> Since all our other services are running in AWS, the obvious choice was DynamoDB – Amazon’s NoSQL database offering. Unfortunately at the time Dynamo didn’t support encryption at rest.
Whoa, that was close. I really don't see why anyone would choose DynamoDB as a general purpose data store, unless they enjoy wasting countless hours finding ways around the limitations it imposes about how data should be stored and accessed. At least that was my (admittedly limited) experience. Postgres is a much better choice.
NoSQL like DynamoDB or Cassandra does make for good general purpose data stores, but you have to work within the concepts of NoSQL: typically, use 1 table with careful choices in partition and sort keys.
It's an epic shift in thinking to go from a schema of 50-60 tables to 1. Almost every dev I've worked with is very new to this.

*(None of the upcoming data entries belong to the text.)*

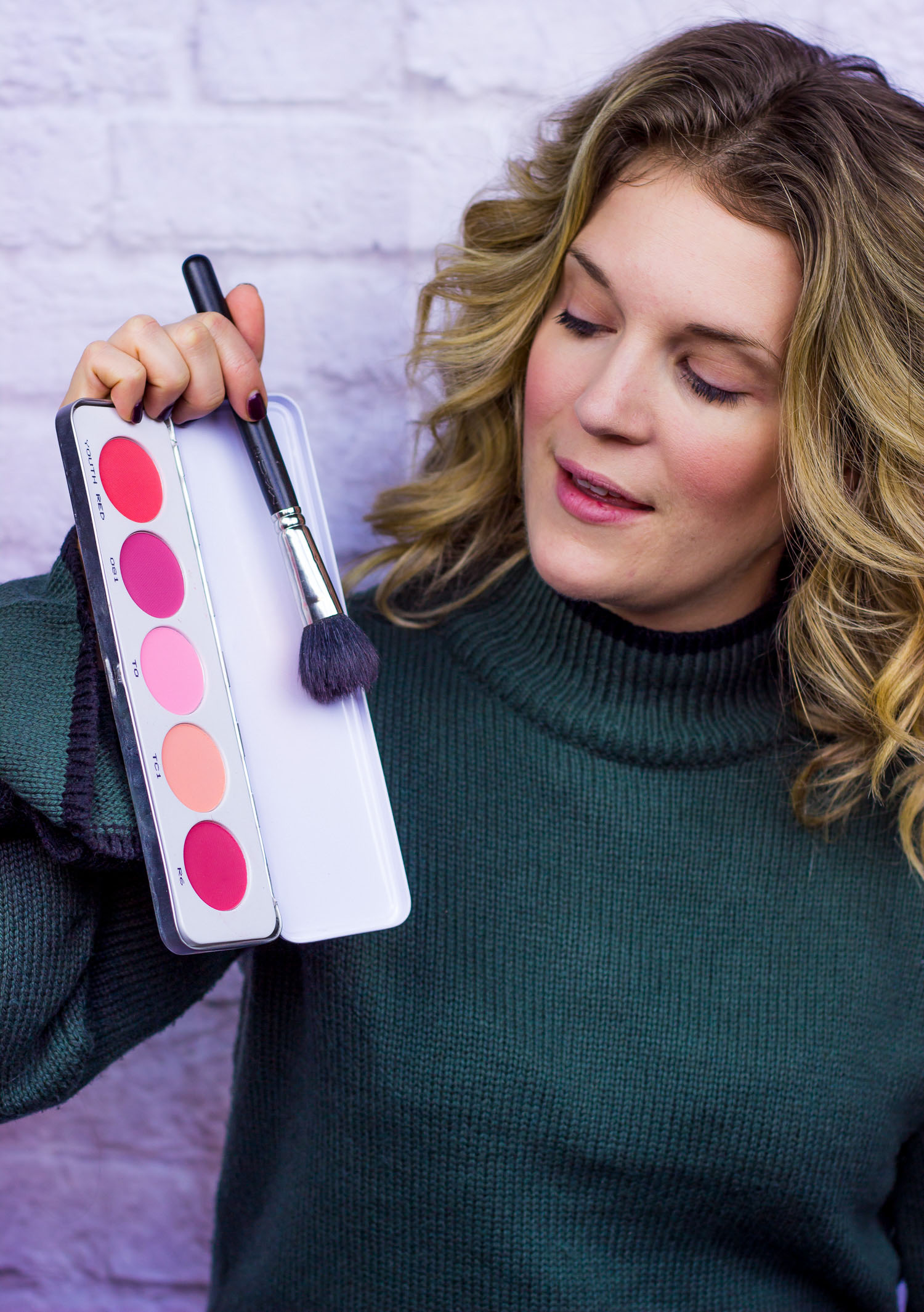 - Blush (I prefer Tarte Amazonian clay 12-hour blush but am using a Kryolan palette in this post because I literally ran out of Tarte the day I wrote this!).
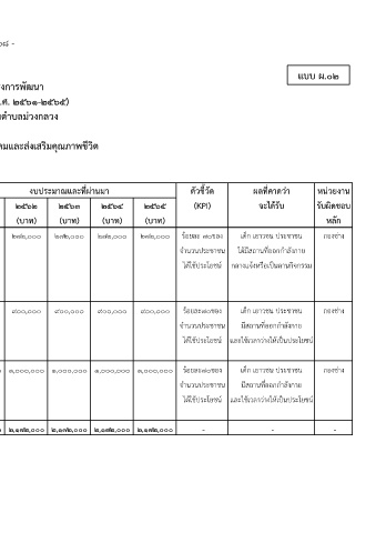 ที่ โครงการ/กิจกรรม วัตถุประสงค (ผลผลิตของโครงการ) ๒๕๖๑ ๒๕๖๒ ๒๕๖๓ ๒๕๖๔ ๒๕๖๕ (KPI) จะไดรับ รับผิดชอบ
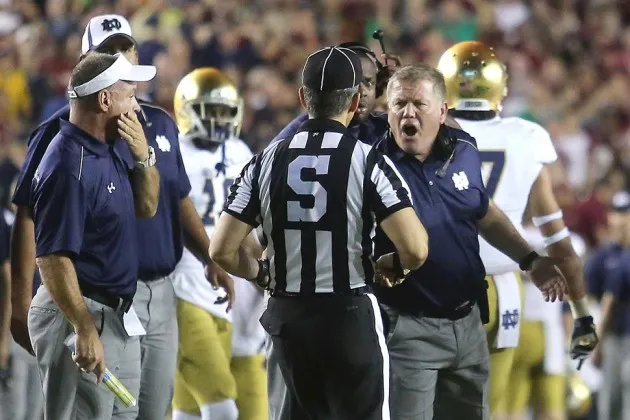 诺特丹教练布莱恩·凯利在10月18日塔拉哈西对佛罗里达州立大学的比赛最后时刻,因可能成为制胜达阵的进球被取消而对裁判大喊照片由乔·伯班克/奥兰多哨兵/MCT通过Getty Images提供大学橄榄球迷:是时候结束斑马阴谋了。
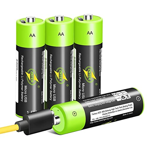 AA-batterier [4-pack], 1,5 V/1 250 mAh USB-uppladdningsbart litiumbatteri med 4-i-1 laddning Micro USB-kabel, 1,5 h snabbladdning, ingen extra batteriladdare krävs, 3 000 cykler återvinningsbart
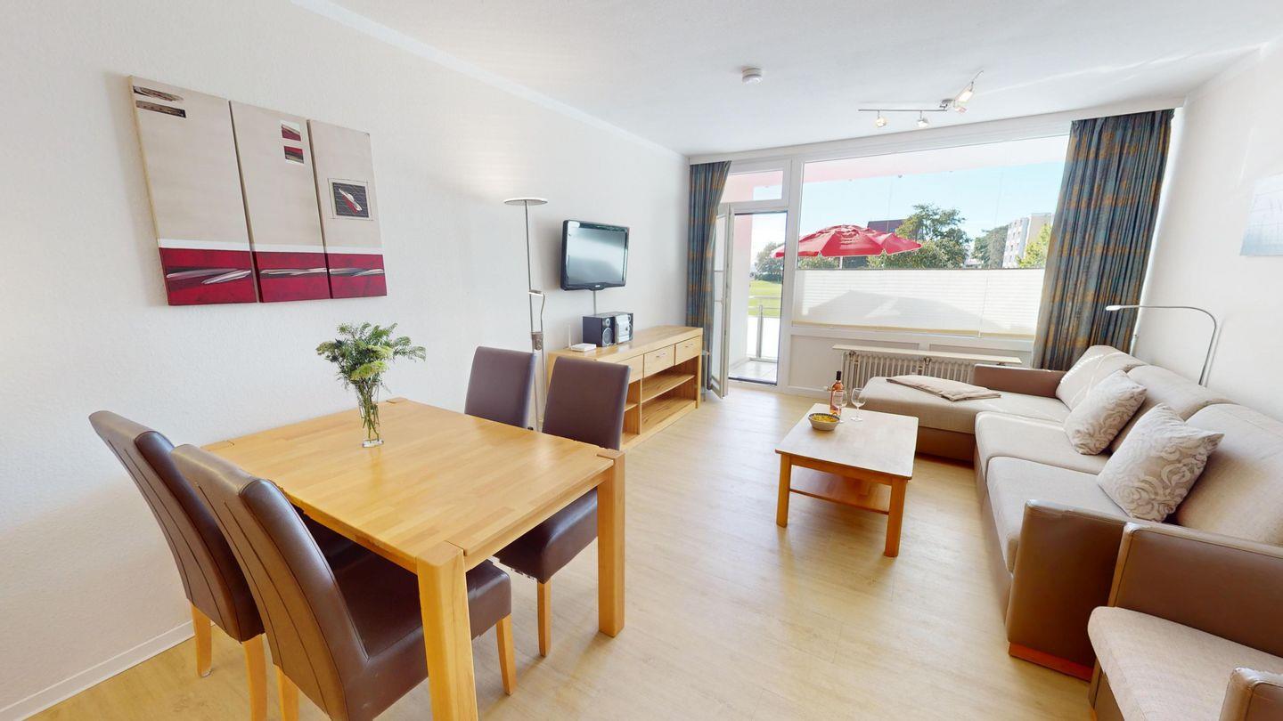 Im großen Wohn- und Esszimmer befindet sich ein gemütliches Schlafsofa mit zwei Schlafplätzen sowie der Zugang zum Balkon.
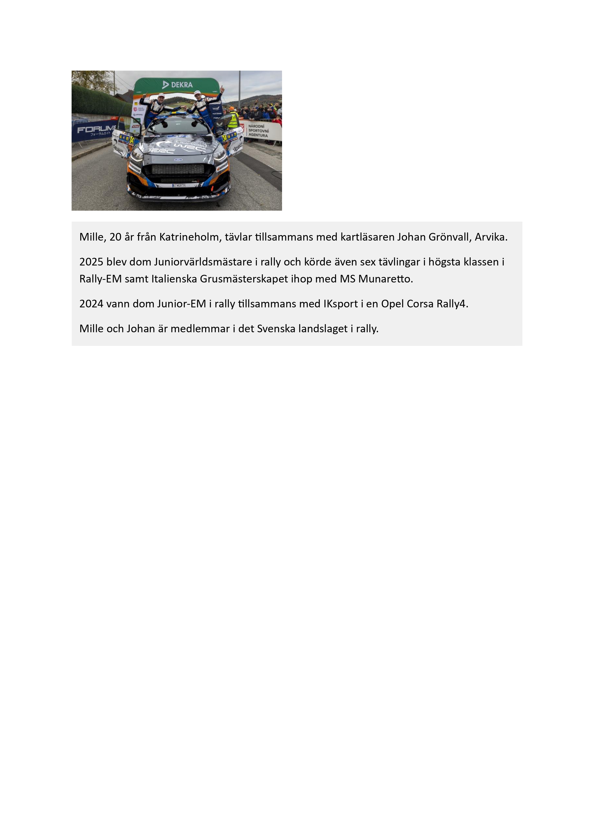 Mille Johansson, Junior WRC 2025, Juniorvärldsmästare i rally, Mille Motorsport, svensk rallyförare, rally Sverige, rally VM, WRC2, M-Sport Ford
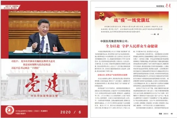 2020年6月,《黨建》雜志刊登中國醫藥集團有限公司文章《全力以赴 守護人民群眾生命健康》;2021年5月,作為黨史學習教育先進典型,集團典型案例入選共產黨員網站中央黨史學習教育官網“奮斗百年路 啟航新征程”專欄;“七一”前夕,集團黨史學習教育特色做法被寫入中央黨史學習教育簡報。組織集團戰疫先進典型開展各類宣講,集團領導班子成員面向基層黨組織講授專題黨課30余次,提升基層黨組織發展活力。
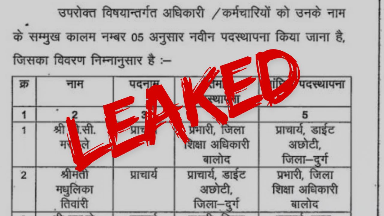 रायपुर। स्कूल शिक्षा विभाग में प्राचार्यों, व्याख्याताओं और शिक्षकों की बड़ी संख्या में प्रस्तावित प्रतिनियुक्ति और तबादलों की सूची सोशल मीडिया पर वायरल हो गई है। बताया जा रहा है कि यह सूची शिक्षा मंत्री गजेन्द्र यादव के अनुमोदन के बाद मुख्यमंत्री विष्णुदेव साय को भेजी गई थी। लेकिन मुख्यमंत्री की मंजूरी से पहले ही लिस्ट लीक हो जाने से विभाग की गोपनीयता पर गंभीर सवाल खड़े हो गए हैं।
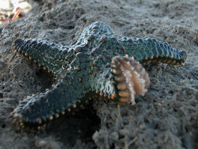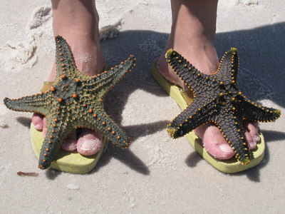 After a bite of breakfast, all of us went back out in search of crabs and starfish. Sandrine slipped and fell early on in our search and went away nursing a scuffed elbow. She re-emerged as we were setting up a photo shoot with some starfish on the sand.

The #1 sign a dev has no business using NoSQL: They chat about how flexible NoSQL is. Yeah, you can add attributes on the fly but I've found Dynamo to require much more careful planning then RDBMSes. Most devs I've met can understand when they need to use an index. But, almost all of them have issues predicting if their changes will lead to unbalanced requests against partitions.
Anyhow, since you can even connect the PostgreSQL WAL easily to a log stream like Kafka or Kinesis, I'm not sure why you'd ever start with a NoSQL DB, unless you just had master NoSQL data wonks.
Whoa, that was close. I really don't see why anyone would choose DynamoDB as a general purpose data store, unless they enjoy wasting countless hours finding ways around the limitations it imposes about how data should be stored and accessed. At least that was my (admittedly limited) experience. Postgres is a much better choice.